Short Text Similarity: Edit Distance Algorithm and Its Applications

Recently, because I was doing similarity comparison of short text strings, I revisited the edit distance algorithm and its application.

1. Concept:

Edit distance , also known as Levenshtein distance , refers to the minimum number of editing operations required to convert one string into another between two strings.

Permissible editing operations include replacing one character with another, inserting a character, and deleting a character.

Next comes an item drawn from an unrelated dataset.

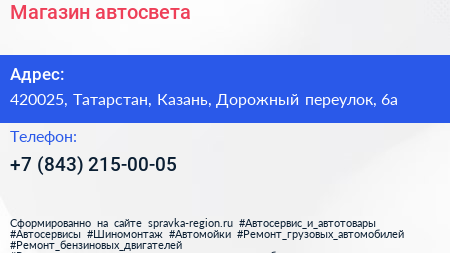 Магазин автосвета по адресу 420025, Татарстан, Казань, Дорожный переулок, 6а в дальнейшем Организация, размещена в следующих категориях:

For example, convert the word kitten into sitting:

  1. kitten(k→s)
  2. then (e→i)
  3. sittin(+g)
  4. sitting

Russian scientist Vladimir Levenshtein proposed this concept in 1965.

2. Algorithm:

Question: Find out the edit distance of a string, that is, how many steps are required to convert a string s1 into a programming string s2. There are three operations, adding a character, deleting a character, and modifying a character

Analysis: First define such a function (matrix) - d(i, j), which represents the edit distance from the substring of length i in the first string to the substring of length j in the second string.

Algorithm process:

  1. A length of str1 or str2 of 0 returns the length of the other string. if(str1. length==0) return str2. length; if(str2. length==0) return str1. length;
  2. Initialize the matrix d of (n+1)*(m+1), and let the values ​​of the first row and column increase from 0;
  3. Scan two strings (n*m level), if: str1[i] == str2[j], record it with temp, which is 0. Otherwise temp is recorded as 1. Then assign the minimum value of d[i-1,j]+1, d[i,j-1]+1, d[i-1,j-1]+temp in the matrix d[i,j] ;
  4. After scanning, the last value d[n][m] of the returned matrix is ​​their distance.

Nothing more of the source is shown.